One Main Point

Staying on Track

Gail Boenning
100 Naked Words
2 min readMar 9, 2017

--

Pexels

Struggling. Why am I struggling to write this? I started yesterday, but it wasn’t shaping up. I deleted most of it and started over. I’ve been at it for about an hour today.

Write. Delete. Re-write. Delete. Re-write again.

This is it. I’m spitting it out and publishing. I know my main point. By the time I’m finished, hopefully you will, too.

Sometimes on Tuesdays, I step outside of normal.

The local movie theater offers five dollar movies on Tuesdays. This morning at nine fifty-three, I settled in my seat just in time to be reminded to silence my cell phone and watch previews of the up and coming films. I was exactly where I belonged.

As I drove to the theater, I told myself this outing was definitely not a guilty pleasure. Not a guilty pleasure.

Storytellers need to hear other people’s stories.

They are food for the mind.

Today, I chose the movie Lion, a true story — adapted from the book A Long Way Home by Saroo Brierly. And here is where I keep getting myself into trouble as a writer — trying to summarize the movie. It is not my story to tell. Saroo has already told it from his perspective and I cannot do it justice.

I will simply say I recommend seeing the movie or, reading the book.
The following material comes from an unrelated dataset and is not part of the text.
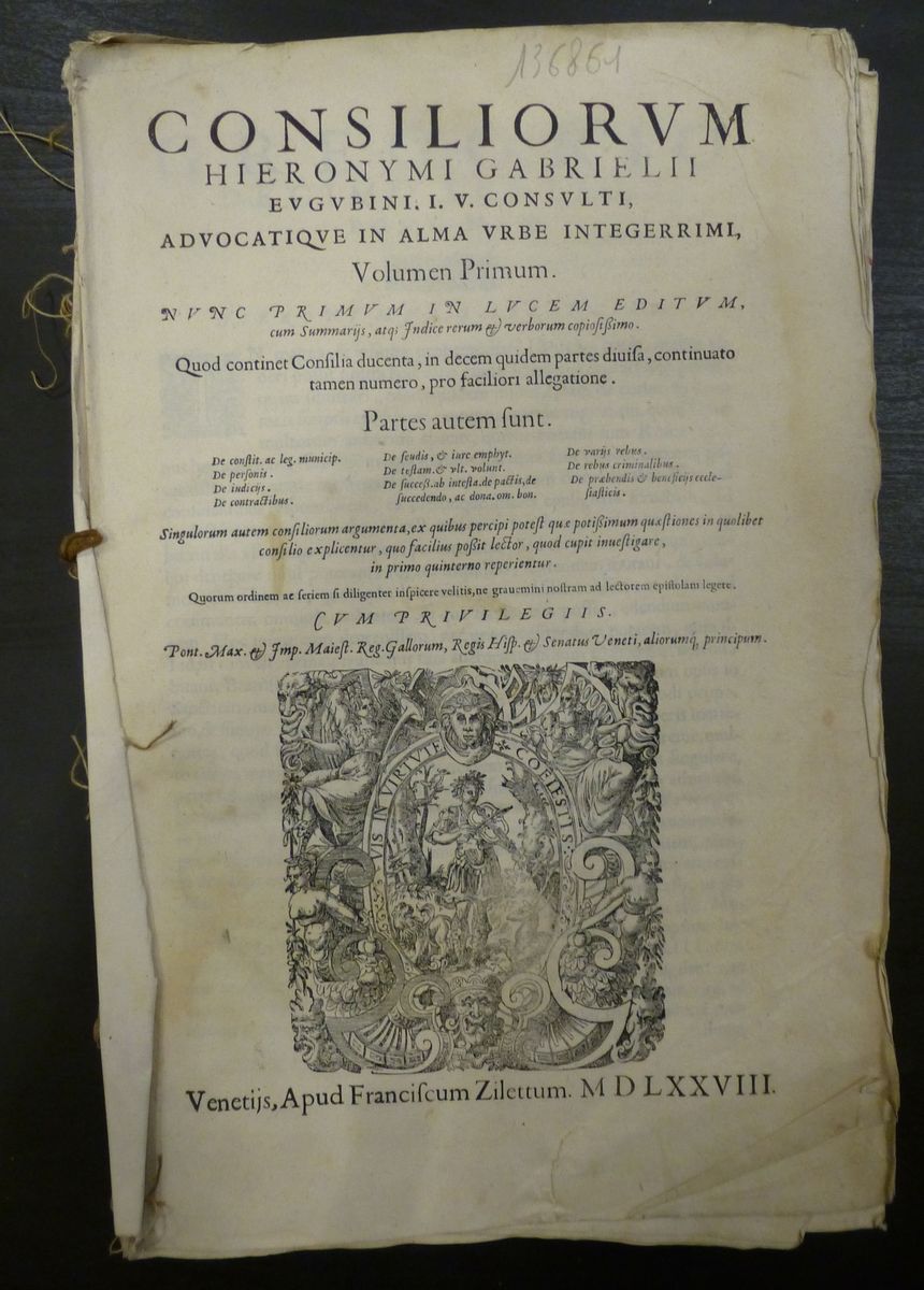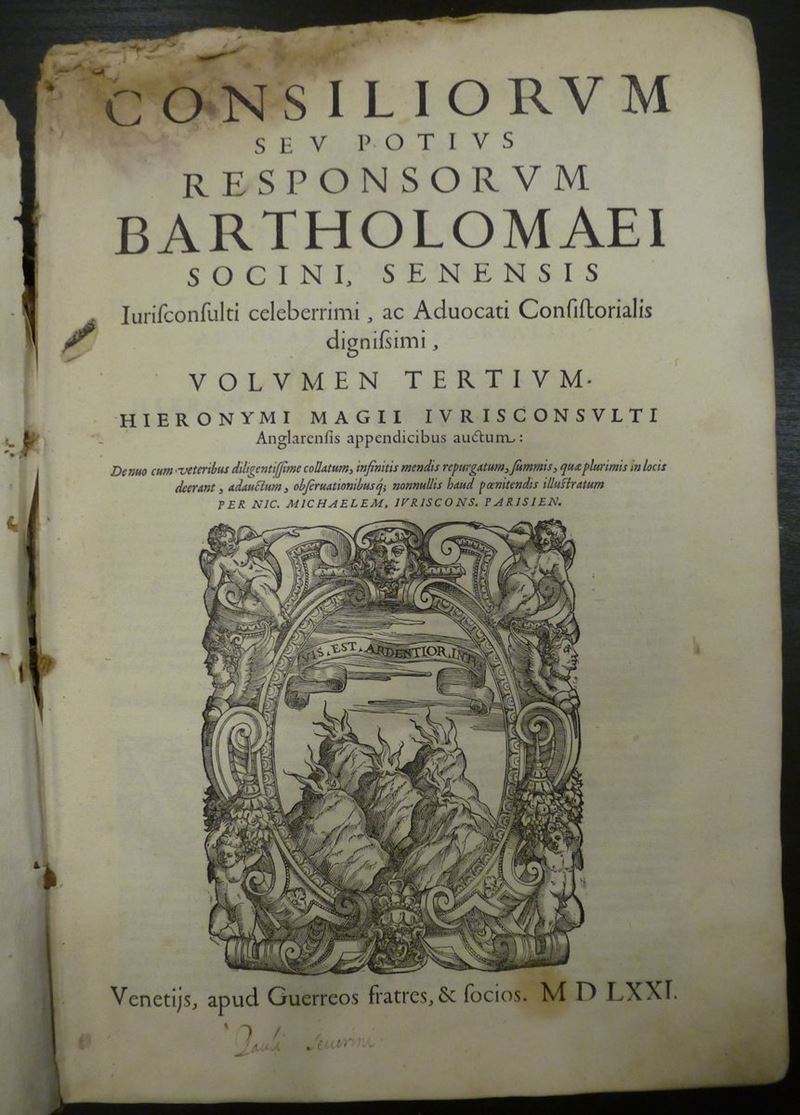 Consiliorum...volumen primum (il solo presente). Venezia, Franciscum Zilettumm, 1578. Manca la legatura. Conservato il solo piatto anteriore. Fogli sciolti in fine. / Insieme nel lotto: Socini Bartolomeo, Consiliorum... volumen tertium. Venezia, Guerreos Fratres, 1571. Grave danno di umidità che riguarda gran parte del volume.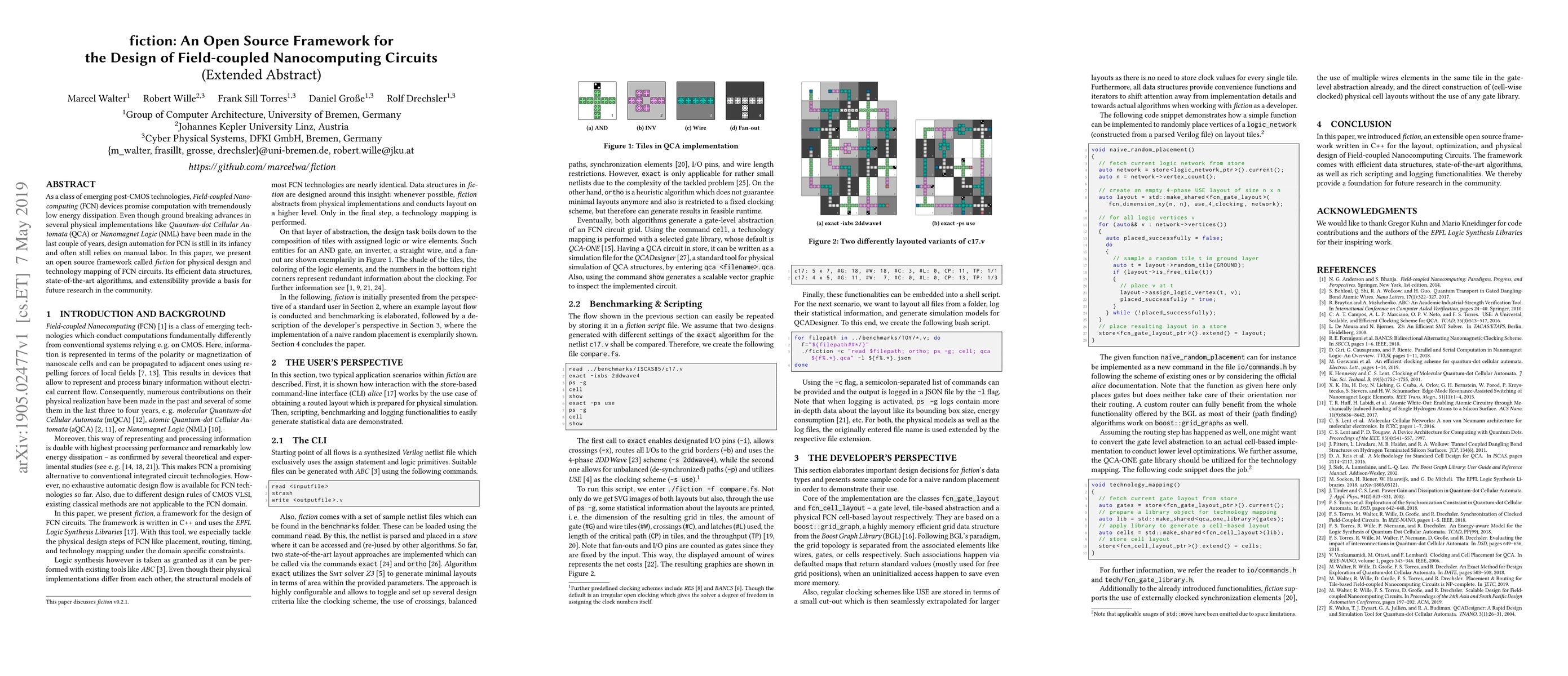 This paper introduces fiction, an open source framework designed to automate the physical design and technology mapping for Field-coupled Nanocomputing (FCN) circuits, aiming to reduce the reliance on manual labor and support future research in this emerging post-CMOS technology. The framework leverages efficient data structures and advanced algorithms for its implementation.

I could write ten stories and tie them back to things Lion caused me to think about, but I won’t start that here. That is exactly what keeps knocking me off track.

The movie stirred up all sorts of curiosity, synchronicity and ideas.

What I will do is repeat my one main point.

I went to the movie on a Tuesday morning. It stretched me in several directions. It fed my mind and left me curious for more. It was not a guilty pleasure.

Storytellers need to hear other people’s sories. It helps us to grow our own.